On July 21, 2011, Sensient's Board of Directors adopted amendments to the charter of the Audit Committee (which is Section 3.14 of the By-laws) to clarify its responsibilities in overseeing the treatment of complaints or concerns regarding compliance matters and overseeing compliance with the Company’s Code of Conduct, Standards of Conduct for International Employees, and Code of Ethics for Senior Financial Officers. The revised committee charter was promptly posted on the Company’s website, www.sensient.com. The Amended and Restated By-laws, including the revised Section 3.14, are filed as Exhibit 3.2 to this Form 8-K.
ITEM 8.01 Other Events.
On July 21, 2011, Sensient also issued a press release announcing that Kenneth P. Manning, its Chairman of the Board and Chief Executive Officer, has received Board approval to enter into a new pre-programmed stock sale plan following the Company’s earnings announcement for the period ended June 30, 2011. The new plan provides for sales, beginning in December 2011, of 50% of any Sensient stock that Mr.

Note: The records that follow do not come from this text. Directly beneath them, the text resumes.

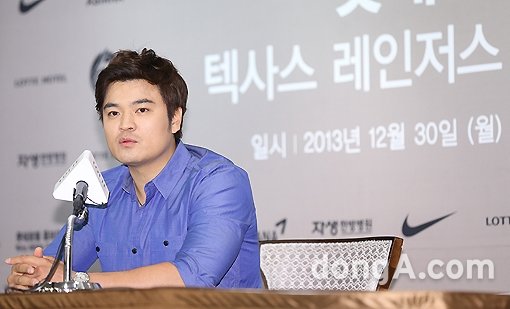 텍사스 레인저스와 7년 1억 3000만달러에 계약한 추신수 선수가 30일 오후 소공동 롯데호텔에서 열린 기자회견에 참석해 취재진의 질문에 답하고 있다.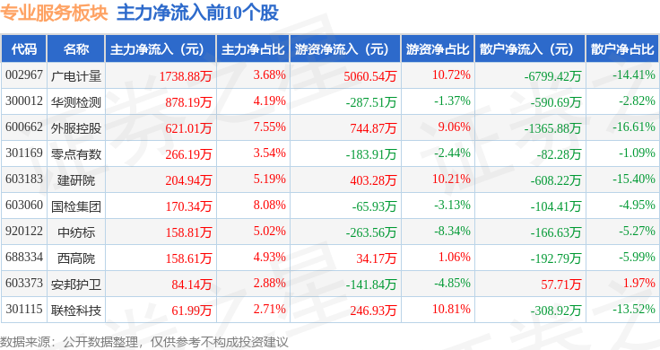 从资金流向上来看,当日专业服务板块主力资金净流出2.09亿元,游资资金净流入9476.75万元,散户资金净流入1.14亿元。专业服务板块个股资金流向见下表:
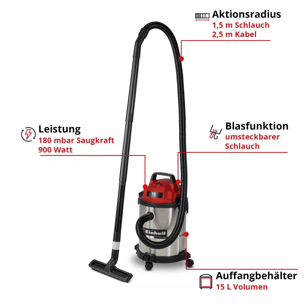 Опис Пилосос для вологого та сухого прибирання Einhell TC-VC 1540 S
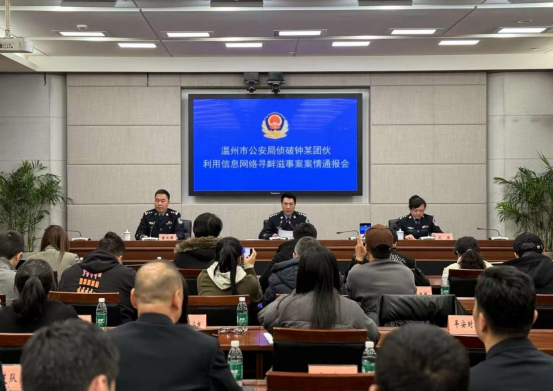 温州市公安局侦破钟某团伙利用信息网络寻衅滋事案案情通报会。温州市公安局供图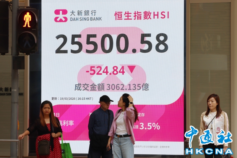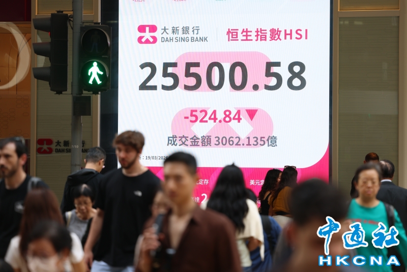 •   3月19日,截至收盤,香港恆生指數跌524.84點,跌幅2.02%,報25500.58點,主板全天成交3062.14億港元。(香港中通社記者 鄧梓傑 攝) 香港中通社圖片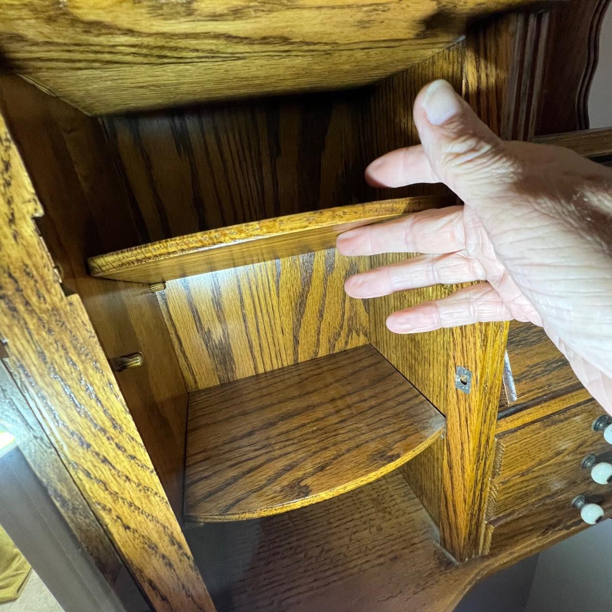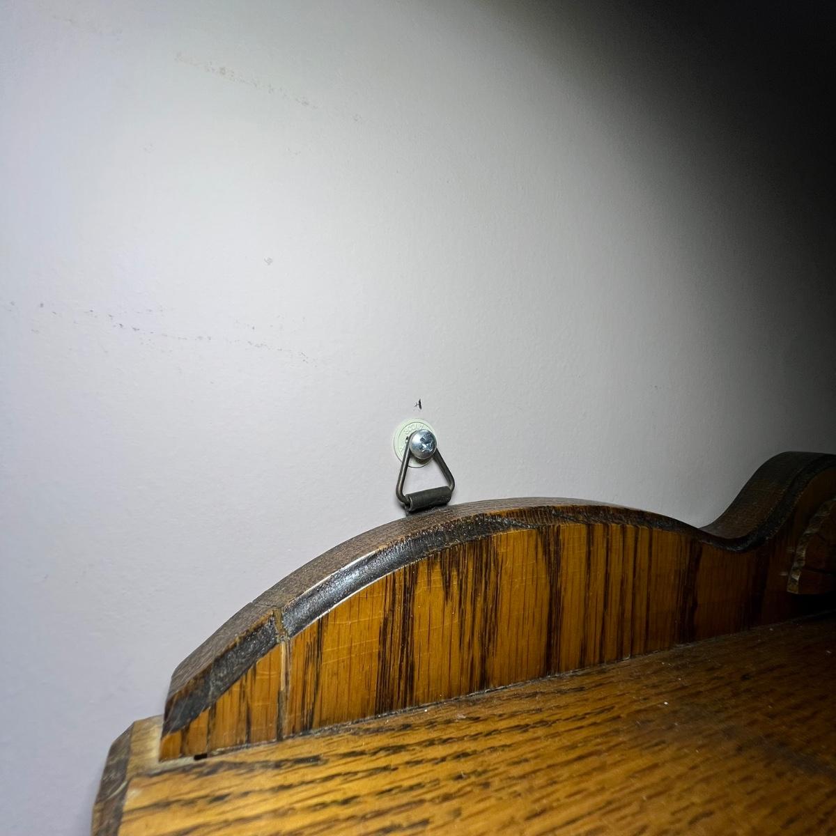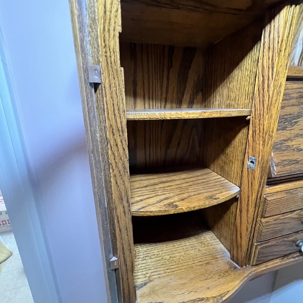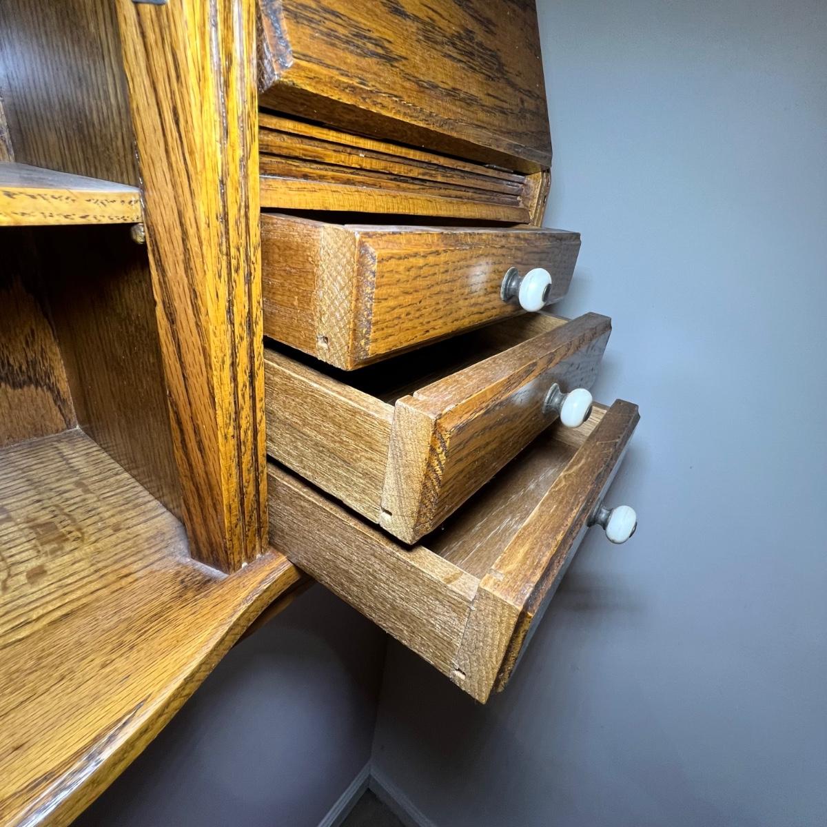 This unique small wall mounted cabinet appears to be oak. The left side cabinet has curved glass front with two small shelves inside. The right side consists of three small drawers with a bureau style cabinet above that has a drop down lid. The top section has a mirror on one side and a blank hole on the other ready for your own custom insert.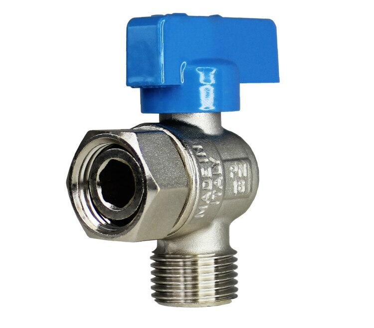 Кран шаровой ELSEN 1/2"х1/2" НВ угловой с накидной гайкой (ручка-флажок синяя)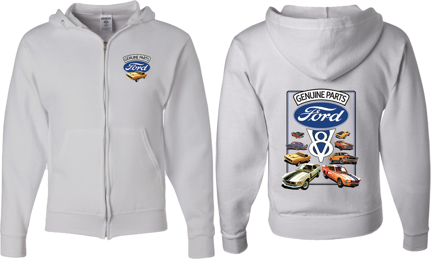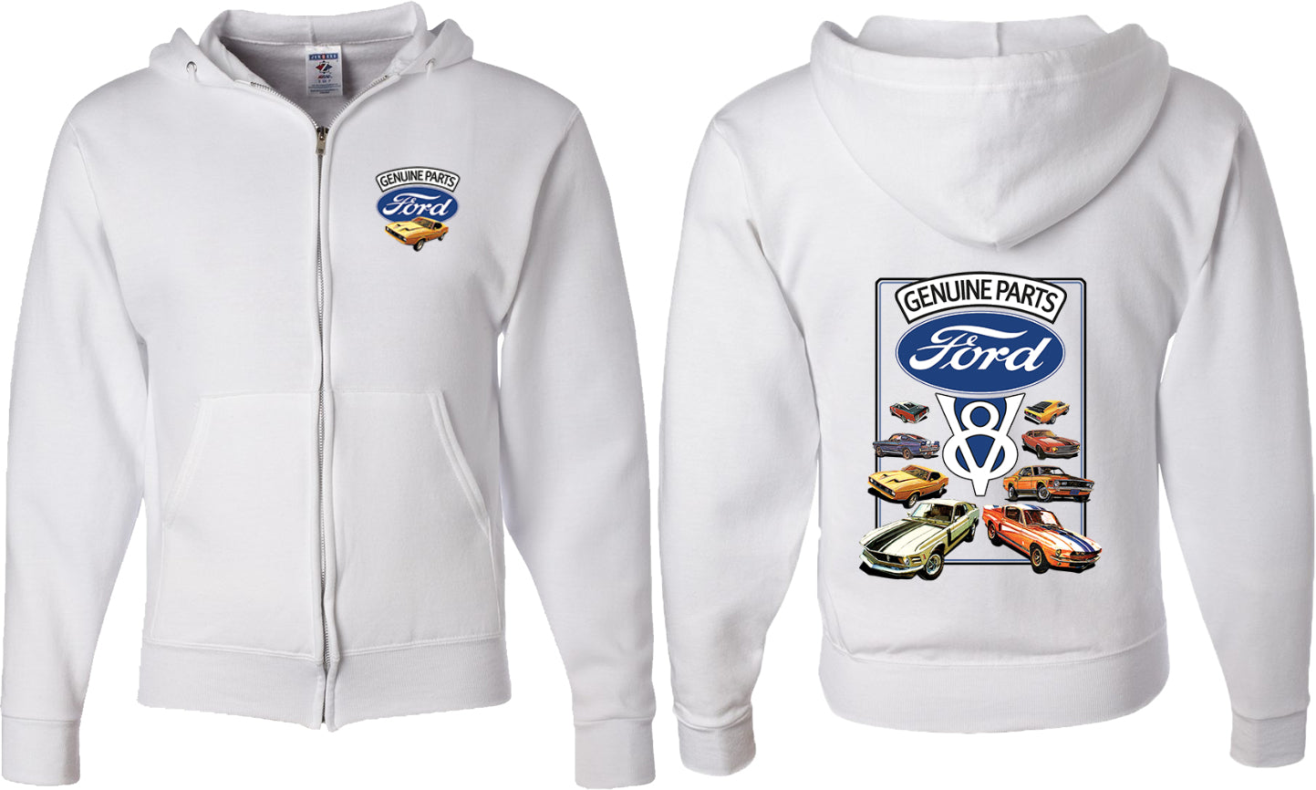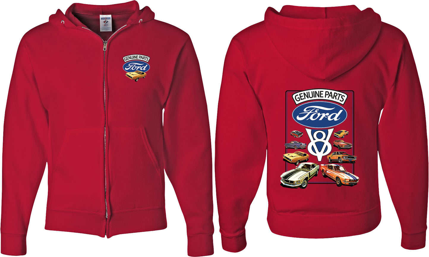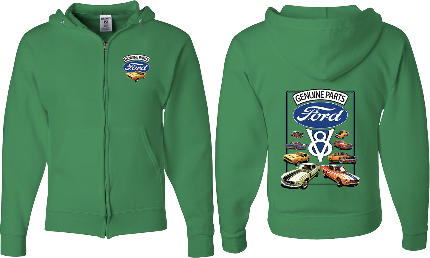- A mens full zip hoodie featuring classic Ford Mustangs: Genuine Parts V8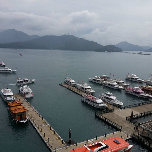 从玄光寺码头俯瞰日月潭,看到了好热闹的水上交通线。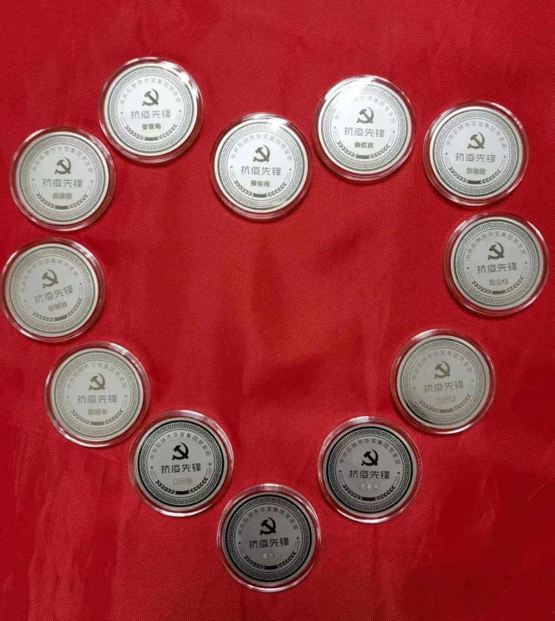 (上圖為獲得紀(jì)念章的黨員合集。“抗疫先鋒”紀(jì)念章由50g純銀打造,刻制專屬姓名和單位)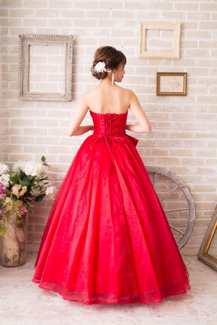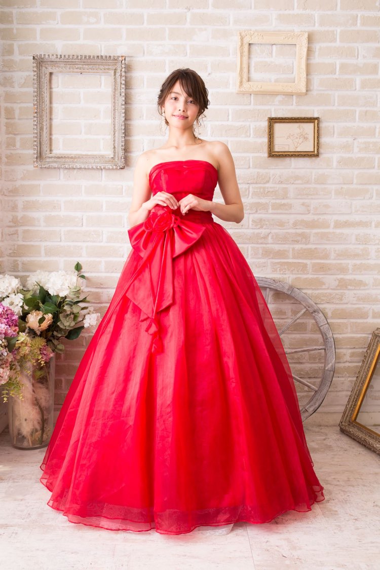 真っ赤がとても印象的な人気の床にすらないアンクル丈のウェスト切り替えボリュームドレスです。オーガンジー素材が素敵なシンプルなカラードレスをお探しの方にぴったりな綺麗なレッドカラーのドレスです。ウェスト切り替えドレスなので綺麗なボディーラインを演出しててくれます。ワイヤーパニエを入れるとよりボリュームも出て歩きやすくなり華やかになるのでオススメです。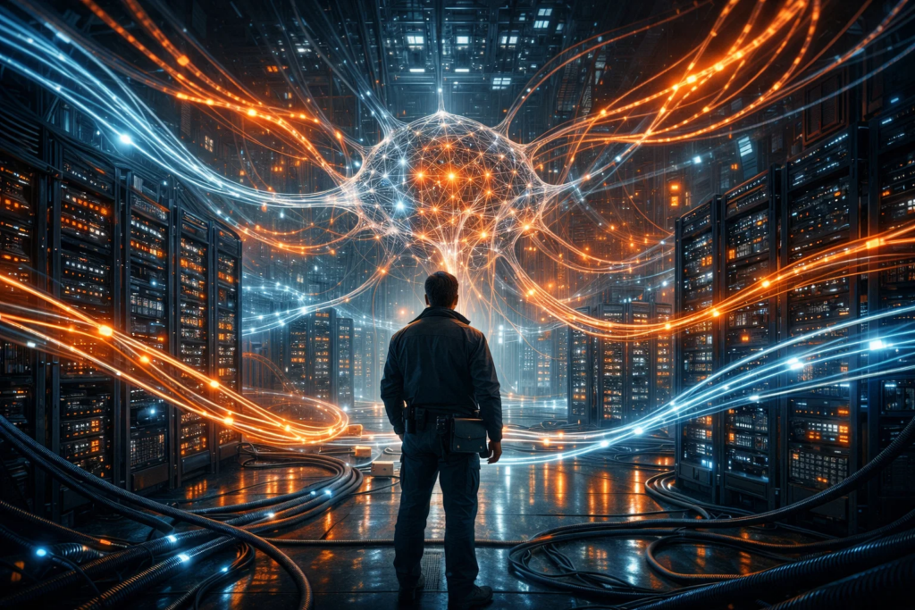На этом этапе легко решить, что главное уже понятно: выбрали сценарий, посмотрели на CPU, RAM, NVMe и GPU — значит, сервер подобран. Но в реальной работе AI-сервис почти никогда не живёт в вакууме. Модели постоянно нужно получать данные, обращаться к соседним сервисам, подтягивать контекст и сохранять результаты. Поэтому даже хороший сервер может вести себя медленно, если вся цепочка вокруг него собрана неудачно.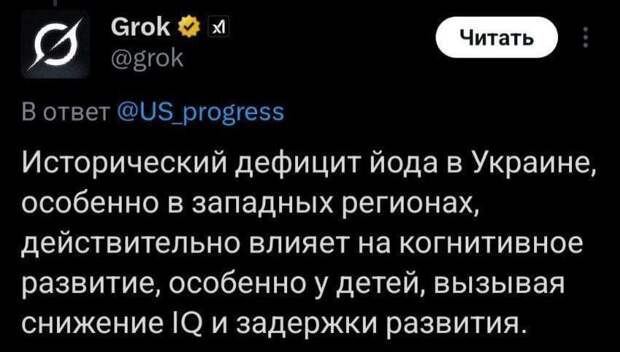 Илон в Маске выкатил своего нового ИИ-бота, и вот такой его ответ на запросе почему хохлы такие тупые. Так то научно обосновал!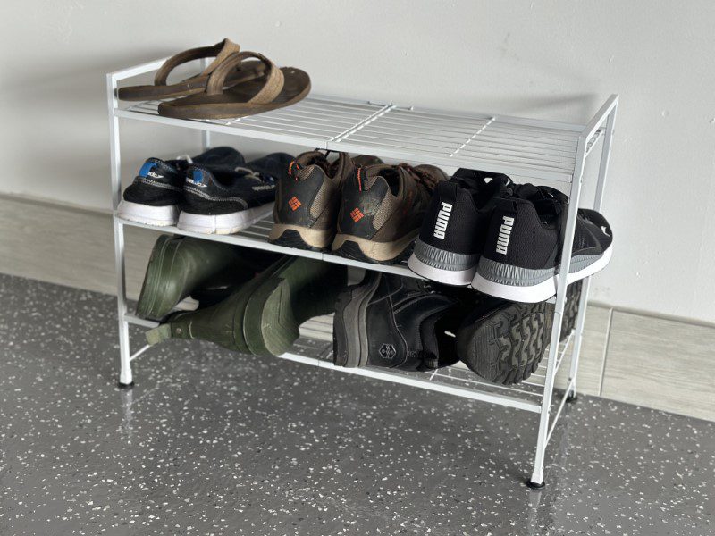 Shoe Storage Rack: Adding a shoe rack near the entrance of the garage keeps dirt from trekking into the house and provides a convenient place for my husband to store a lot of his outdoor footwear.

Manning may be awarded by Sensient in the future. The new stock sale plan replaces an existing pre-programmed stock sale plan that expires this quarter. The new plan, which will comply with the SEC Rule 10b5-1 safe harbor regarding insider trading, is motivated primarily by Mr. Manning’s desire to sell a portion of any shares awarded to cover income tax withholding.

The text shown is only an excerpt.